Women carry a flag in southern Sudan Jose Miguel Calatayud/IRIN
Women carry a flag in southern Sudan
La réapparition d’une opposition armée interne au Sud-Soudan reflète une double réalité: la naissance de cette nouvelle nation indépendante, prévue pour le 9 juillet, sera marquée non seulement par les célébrations d’une libération issue d’une longue bataille, mais aussi par des inquiétudes quant à la capacité du gouvernement de maintenir la paix et la stabilité sur une vaste région peuplée de nombreuses ethnies différentes.

Les allégations d’unité chez les rebelles alimentent cette anxiété. Le plus célèbre des opposants actuels à l’Armée populaire de libération du Soudan (SPLA), George Athor, ancien général de la SPLA, qu’il avait quittée après avoir déclaré que les élections d’avril 2010 pour le poste de gouverneur étaient entachées de fraude, a annoncé récemment que cinq forces d’opposition actives dans plusieurs Etats avaient formé un front commun contre le Mouvement populaire de libération du Soudan (SPLM) qui est à présent au pouvoir.

« Notre objectif est la mise en place de la démocratie dans le nouveau pays du Sud-Soudan, » a dit M. Athor joint par téléphone satellite de l’abri secret où il se cache au Jonglei.

« Nous devons garantir l’égalité pour tous les Soudanais, quelle que soit leur tribu, » a dit M. Athor, arguant que l’égalité n’existe pas chez les Sudistes sous l’autorité du SPLM, qui est dominé par les Dinka, le groupe ethnique le plus répandu dans la région.

Le porte-parole de la SPLA, le colonel Philip Aguer, a réfuté les assertions d’unité de M. Athor, en insistant sur le fait que la seule chose que les diverses forces d’opposition dispersées dans le sud avaient en commun était le soutien de Khartoum. Mis à part quelques documents d’une authenticité douteuse, aucune preuve solide n’a émergé pour soutenir ces allégations ; celles-ci ont été proférées régulièrement quand les rébellions se sont intensifiées après les élections de l’an dernier et à nouveau après l’accalmie qui a entouré le référendum de janvier sur la sécession.

Au cours des dernières semaines, des centaines de personnes ont été tuées dans les affrontements, qui rappellent les conflits internes qui ont fait rage durant les décennies de la rébellion armée du sud contre le nord.
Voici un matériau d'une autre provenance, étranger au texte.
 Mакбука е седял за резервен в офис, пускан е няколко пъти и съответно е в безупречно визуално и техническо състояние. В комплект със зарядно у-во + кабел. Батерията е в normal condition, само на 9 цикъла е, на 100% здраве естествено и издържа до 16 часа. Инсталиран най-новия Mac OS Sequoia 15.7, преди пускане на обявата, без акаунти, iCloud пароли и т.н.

Cette guerre civile généralisée a pris fin avec la signature en 2005 d’un Accord de paix global (CPA).

« Des rapports récents indiquent que 10 incidents violents liés aux milices ont eu lieu en mars, » a dit Giovanni Bosco, responsable du Bureau de la Coordination des Affaires Humanitaires des Nations Unies (OCHA) à Juba, la capitale du Sud.
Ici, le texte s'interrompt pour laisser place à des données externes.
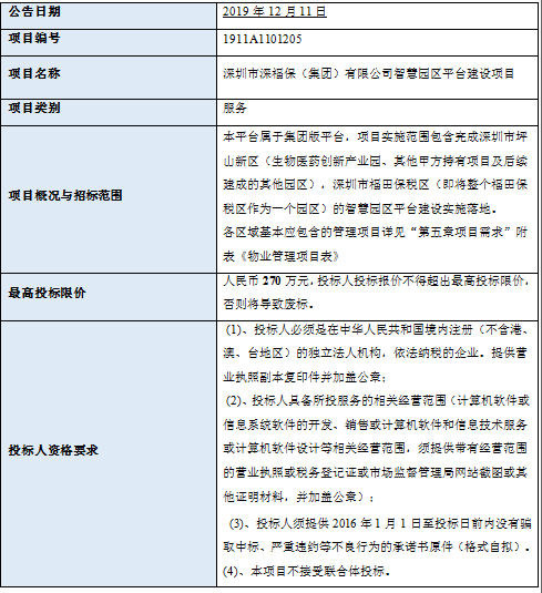 深圳市678体育(集团)有限公司智慧园区平台建设项目(项目名称)招标人为深圳市678体育(集团)有限公司(招标人单位名称),采购资金来自企业自筹(资金来源),项目出资比例为100%。项目已具备招标条件,现进行国内公开招标。

Il a ajouté que près de 16 000 personnes avait nouvellement été déplacées dans les Etats de Jonglei, du Nil supérieur et d’Unité, suite à ces incidents.

« L’augmentation récente de l’intensité et de l’ampleur de la violence dans certaines parties du sud est inquiétante. Encore plus inquiétant est l’impact des combats sur les civils, en particulier sur un grand nombre de rapatriés [venant du nord] qui se trouvent dans certaines des zones affectées, » a dit M. Bosco, faisant remarquer que les combats – et la relocalisation qu’ils ont provoquée de cinq ONG dans l’Etat de Jonglei – limitaient la réponse humanitaire et risquaient de perturber le début de l’année scolaire.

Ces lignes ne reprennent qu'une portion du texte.